I know that strings are just an array of chars with adjacent memory addresses. So when you have a character array:
char s[5];
s[0] = '1';
s[1] = '2';
s[2] = '3';
s[3] = '4';
s[4] = '5';
and change character array at s[1] to "5" then printing such an array should return "15345". Now my question is about scanf and strtol functions. When I insert values into the array s using scanf twice using different sized strings, Why is it that the strtol function does not convert the ENTIRE array?
Here is my code as example:
#include <stdio.h>
#include <stdlib.h>
int main(){
char bytes[5];
printf("enter size 1: ");
scanf("%s", bytes);
printf("the size is: %ld\n", strtol(bytes, NULL, 10));
printf("enter size 2: ");
scanf("%s", bytes);
printf("the size is: %ld\n", strtol(bytes, NULL, 10));
return 0;
}
So imagine these user inputs:
10000
the program would then print out "the size is 10000"
then the user inputs:
100
the program then prints "the size is 100"

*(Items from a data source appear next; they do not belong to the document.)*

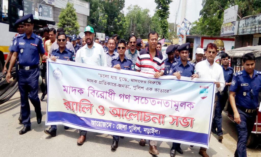 আজ মঙ্গলবার জেলা পুলিশ আয়োজনে বেলা ১১টায় নড়াইল প্রেসক্লাব চত্বর থেকে র্যালি শুরু হয়ে শহরের প্রধান প্রধান সড়ক প্রদক্ষিণ শেষে একই স্থানে এসে শেষ হয়। পরে নড়াইল প্রেসক্লাব চত্বরে পথসভা অনুষ্ঠিত হয়।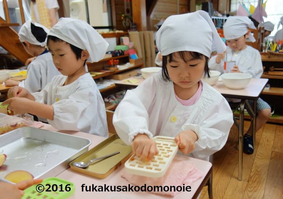 世界中で実践されていますが、深草こどもの家のように自由の幅が広く、室内外、園庭の自然環境が豊かな園はなかなか他にはなく、とても貴重であると自負しております。こどもが自分で好きな時に外に行って遊び、また中に入って活動したり、小動物のお世話をしたり、虫を発見したり、観察したり、図鑑で調べたり、室内では手指を使う活動がたくさんあって、感覚や動き洗練させていくこと。アートハウス(木工活動)、土粘土遊び、月に一度の料理活動、音楽会、こどもたちの毎日の本物の生活を大切にする唯一無二のこどもの家です。そして何より教師養成コース付属園であり、コースの内容を完全に、一つも欠けることなく実現するために日々準備しています。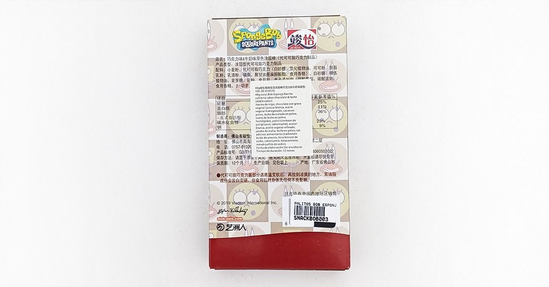 Informe de Laboratorio Nº 53161: referido a Acta de Toma de Muestra Nº 20718, Producto Barrita Cubierta sabor chocolate y leche, marca Junyi Bob Esponja, contenido 48 gramos. Lote 19/09/2025. Fecha de elaboración 19/09/2025. Validez 18/09/2026.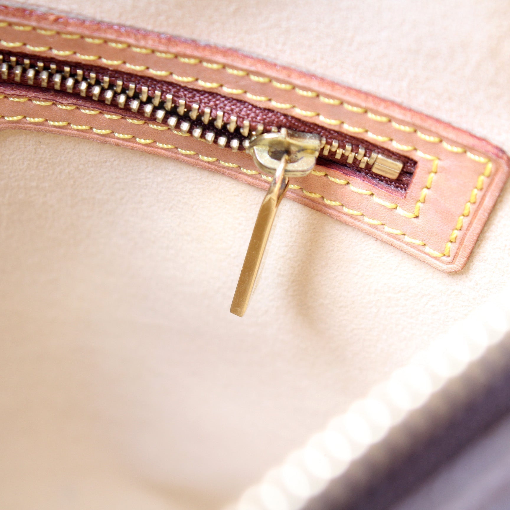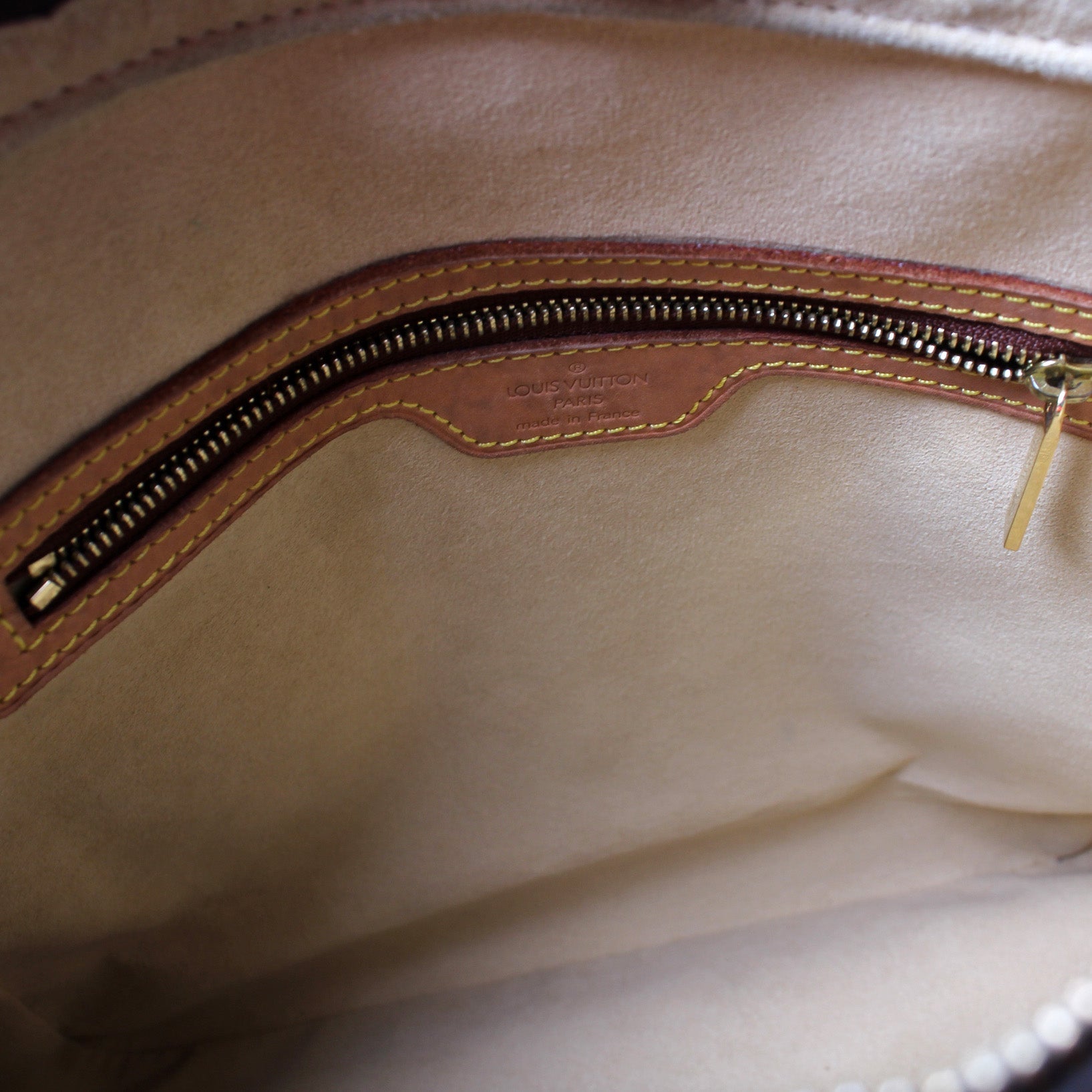 Interior: The interior is free of rips or tears. The interior features one zipper pocket and one open pocket.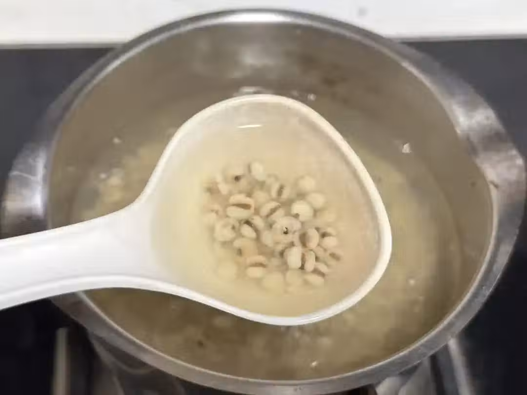 3、當薏仁米煮得差不多時,就可以將切好的冬瓜片放入鍋中了。冬瓜的加入不僅為湯品增添了清新的口感,還能使湯汁更加清爽。煮的過程中要注意火候,不宜過大,以免煮得過爛。大約煮3-5分鐘,冬瓜變得透明,就基本熟透了。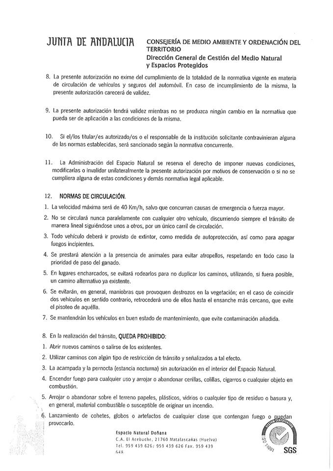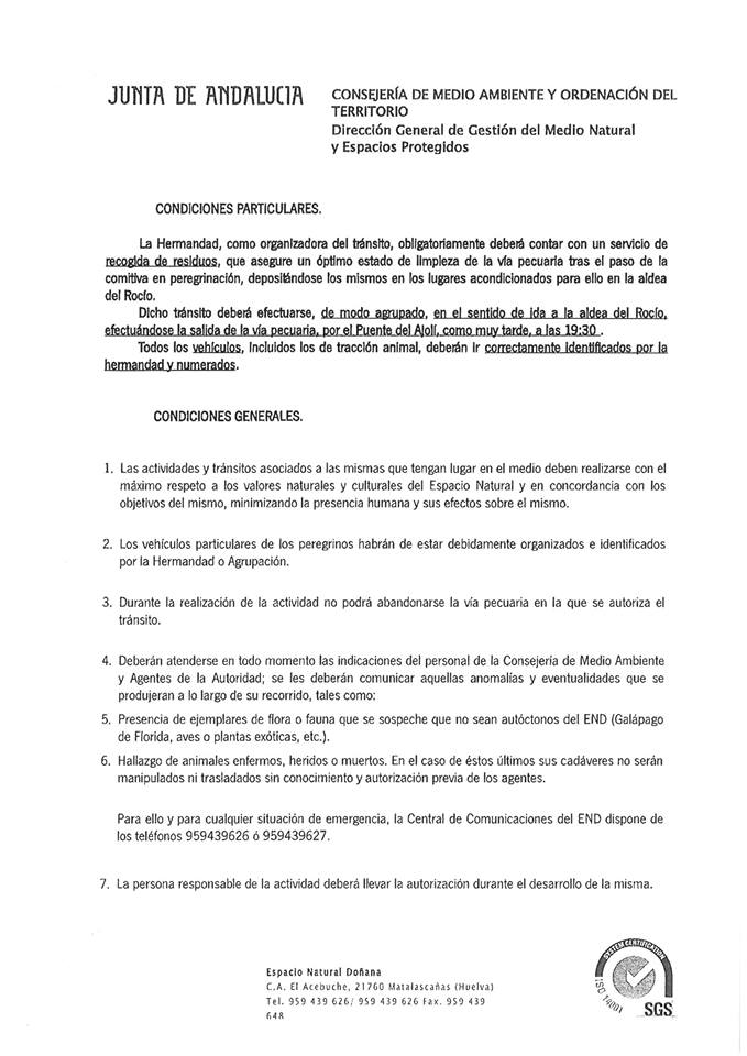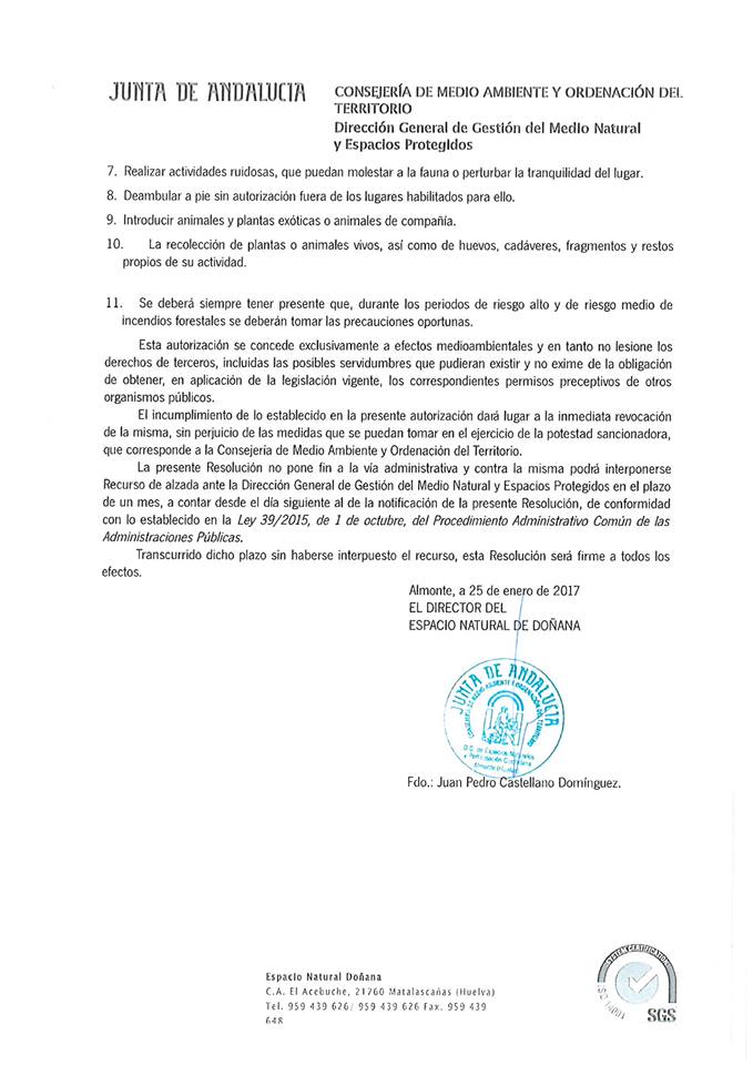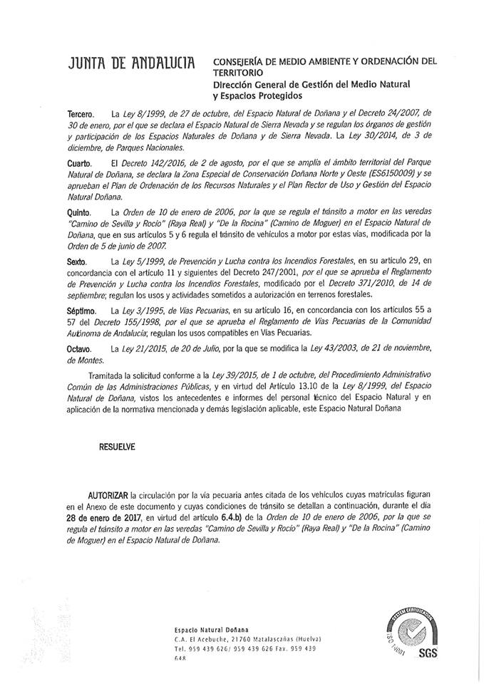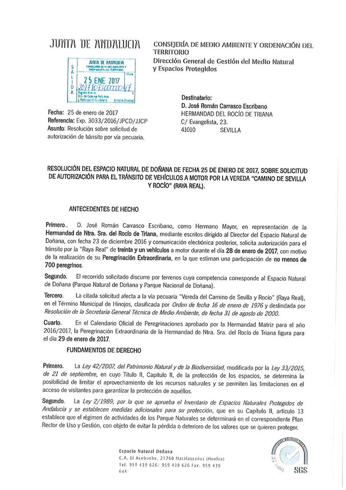 Hermandad de Triana – Resolución del espacio Natural de Doñana referente a la Peregrinación del próximo sábado 28 de enero de 2017.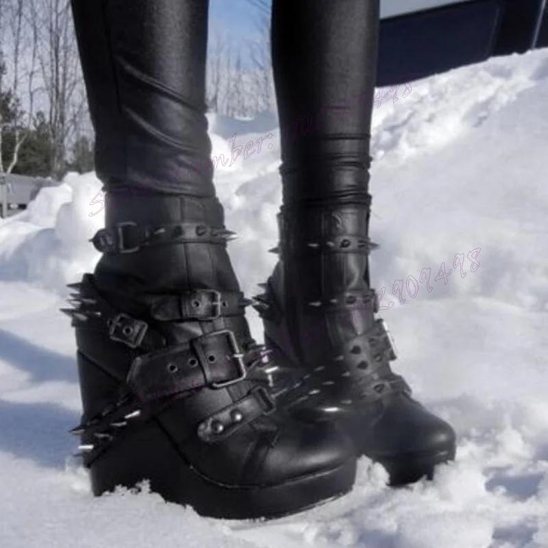 Black Strappy Rivet Wedges Heels Boots Buckle Round Toe Shoes for Women Punk Style Matte Leather Shoes 2025 Zapatos Para Mujere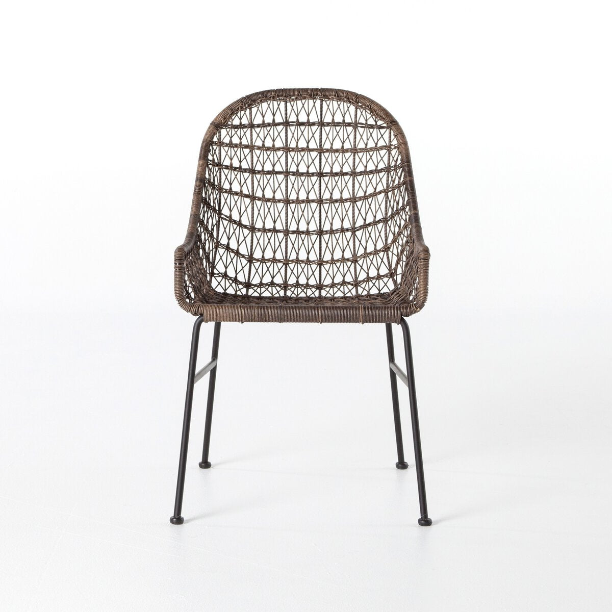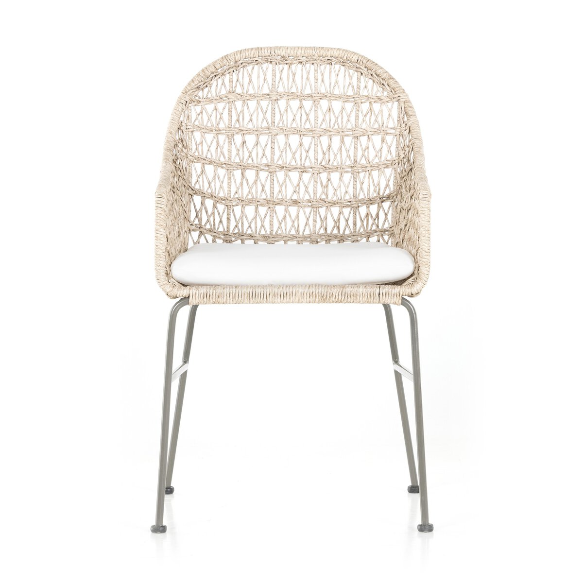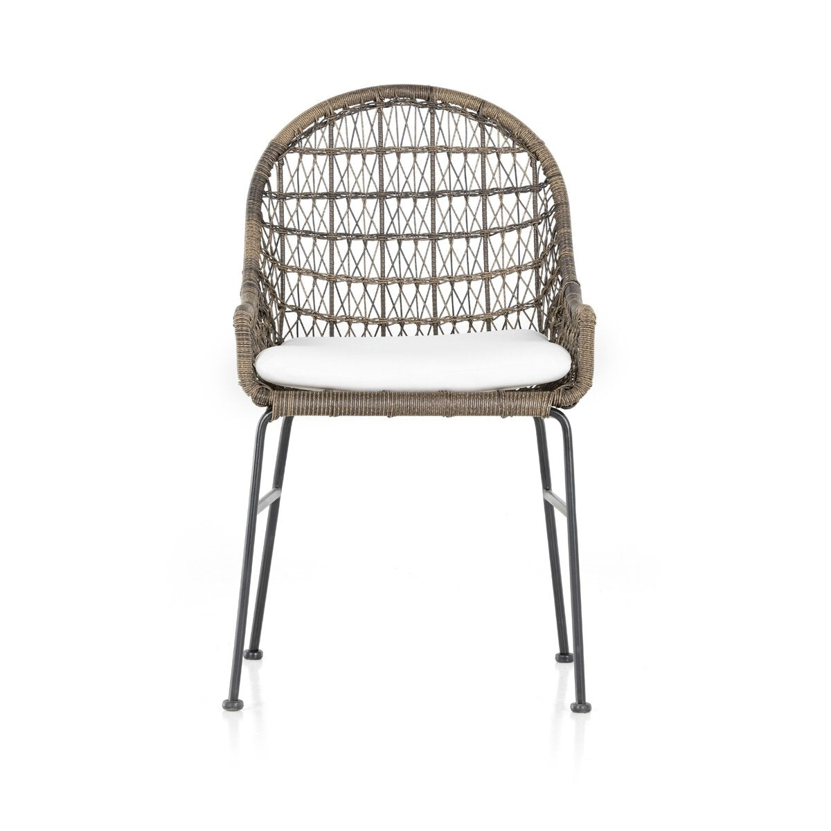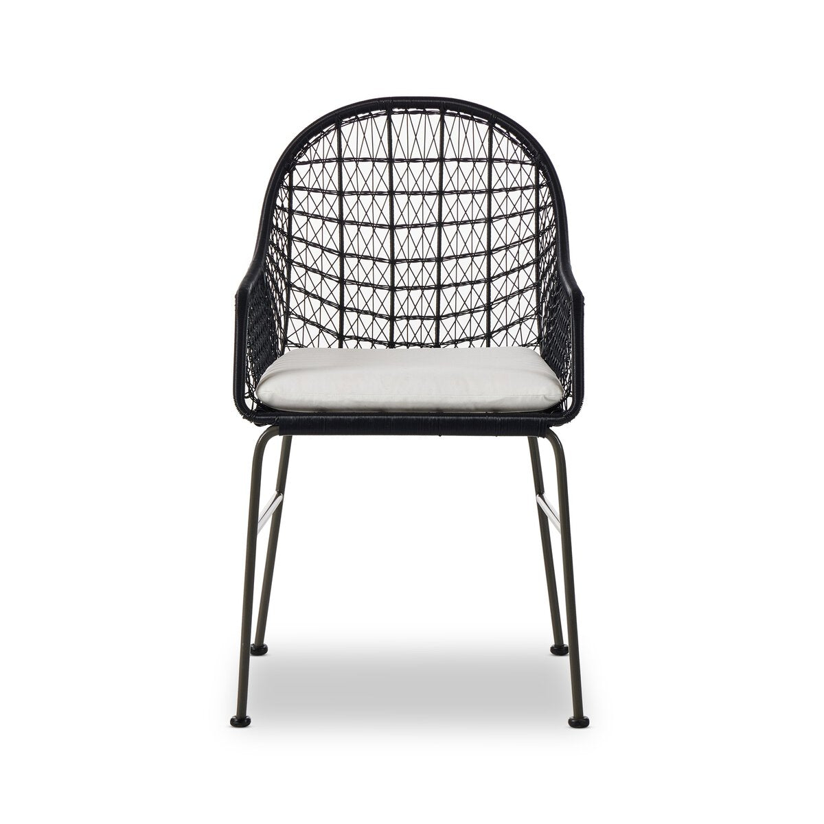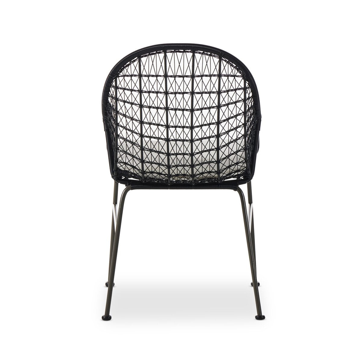 Clean, contemporary shaping and an updated weave transform all-weather wicker into something modern. This high-texture dining chair is supported by a contrasting bronzed iron base, with a white seat cushion for comfort. Cover or store indoors during inclement weather and when not in use.
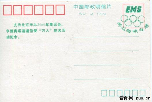 贺年有奖片 1992年猴兑奖片加盖EMS和申办奥运 新8全2套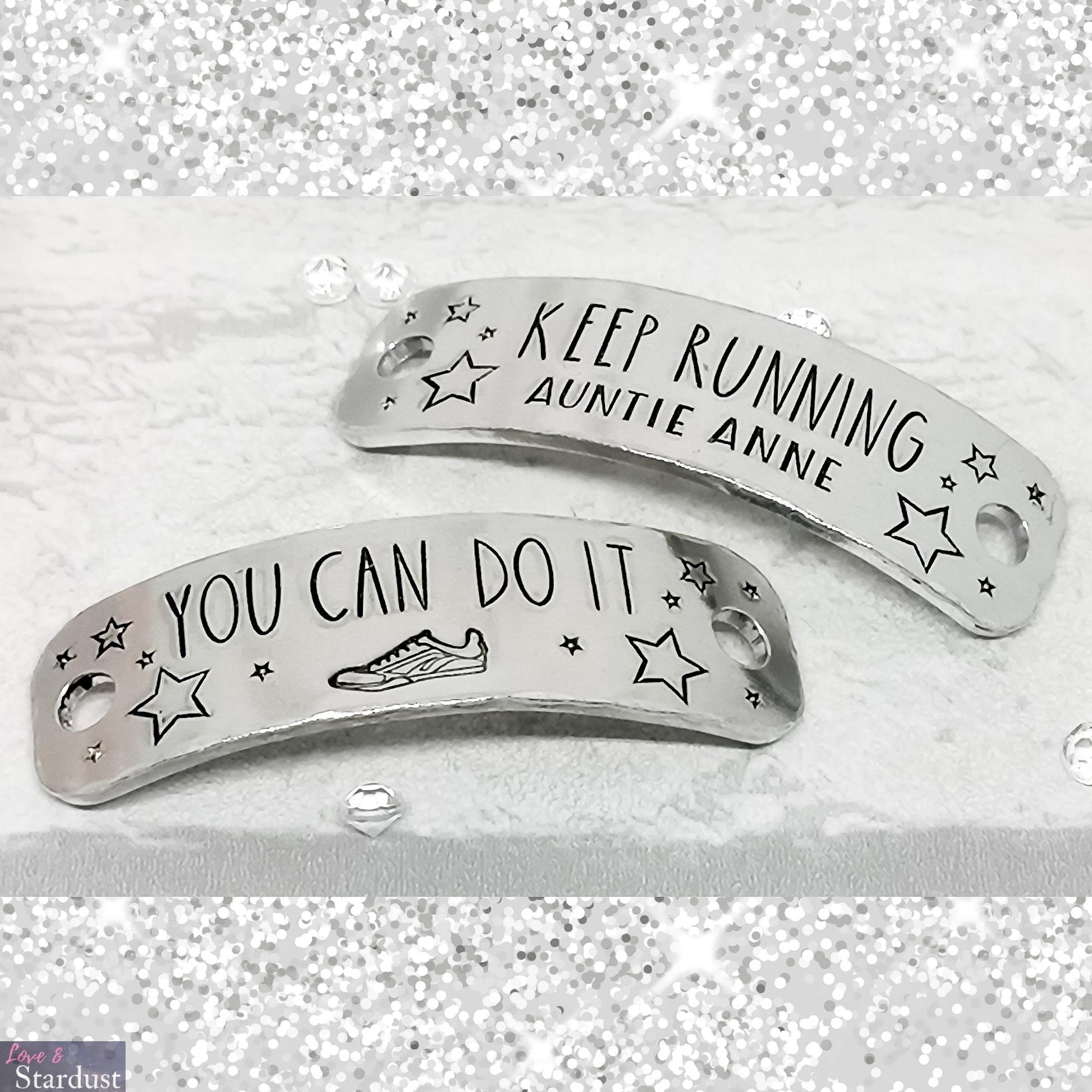 Trainer tags hand-stamped with the quote KEEP RUNNING .... YOU CAB DO IT, personalised with the Name of your choice.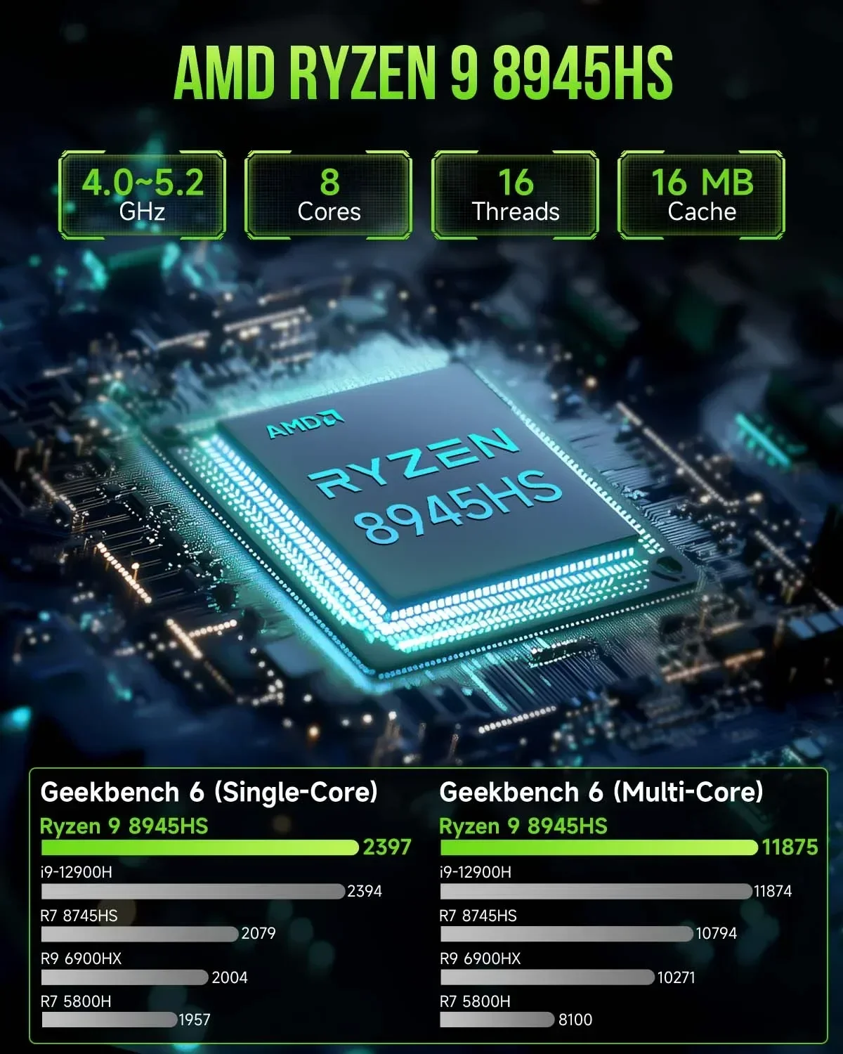 GMKtec K11 Mini PC, Ryzen 9 8945HS, Radeon 780M,Windows 11 Pro, 32GB DDR5,1TB SSD, WIFI6 BT5.2,High-Speed Gaming Desktop

why doesn't it print out "the size is 1000" again? I only stored 100 into bytes, shouldn't the remaining array elements of bytes from the first input be unchanged and strtol should convert the rest of the array right?
In my mind, when the program stores the first input of 10000 into the array bytes, it looks like this at that moment
bytes = {1,0,0,0,0}
then when the user inputs 100, the array looks the same since it only changed the values of the first 3 elements and the rest of the array should remain the same:
bytes = {1,0,0,0,0}
with that strtol would convert the entire array to 10000 right?
Does scanf essentially "empty" out the rest of the array when storing values into the same memory address?